Beyond the ecological benefits, ethical investing is also starting to reap bigger financial rewards, as some climate sinners take on pariah status. The iShares exchange-traded fund investing in companies it thinks have “positive environmental, social and governance characteristics” -- one of the largest of its kind -- produced a total return this year that is more than three times the performance of S&P 500 index.
The funds led by Storebrand had singled out a proposal in Brazil to legalize the private occupation of public lands, mostly concentrated in the Amazon.
Saugestad says Storebrand was able to get “a clear commitment on the government’s side to reduce deforestation and to stand by its obligations to respect United Nations conventions in terms of protecting indigenous people and human rights.”

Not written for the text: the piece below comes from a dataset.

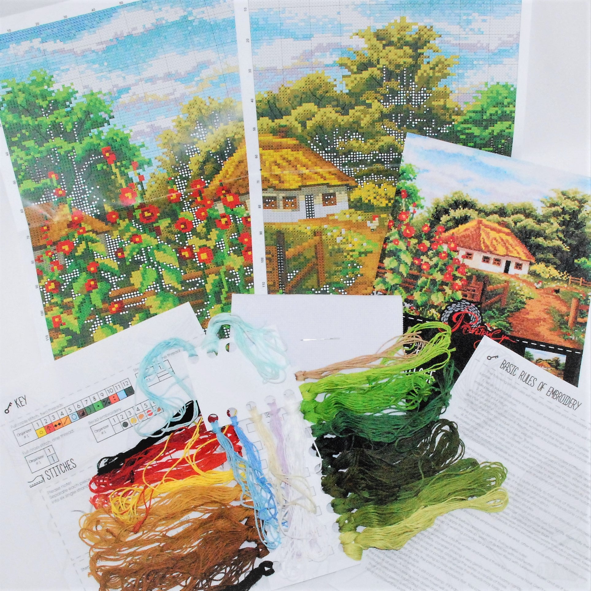 The kit includes the necessary materials to complete the pattern: cotton count fabric, needle, colored embroidery threads, instructional map with a color-coded pattern.

This latest move by the fund industry coincides with pressure from the corporate sector, after 61 companies wrote to Brazil’s government earlier this month demanding more action to tackle Amazon deforestation. As a result Lower House speaker Rodrigo Maia has this week promised to set up a working group to speed up projects with an environmental agenda.
Entities that don’t live up to Storebrand’s demands for ethical conduct end up being excluded from its portfolio. Companies to have ended up on its blacklist include Glencore Plc, Volkswagen AG, Airbus SE, BAE Systems Plc and Boeing Corp. The latest exclusion list numbers 193 in total.
Saugestad says he expects his industry to start changing the way it measures returns as ESG dominates investing strategies.
Asset managers “will increasingly measure impact and start talking about impact adjusted returns in the same way as risk adjusted returns,” he said, though he also acknowledges it “will probably take more than 10 years to get there.”
“In my opinion everybody in the asset management industry has to understand sustainable investments because sustainability already has an impact on most investments today,” Saugestad said. “Sustainability is already in the curriculum on most business schools, and if it is not mandatory yet, it ought to be.”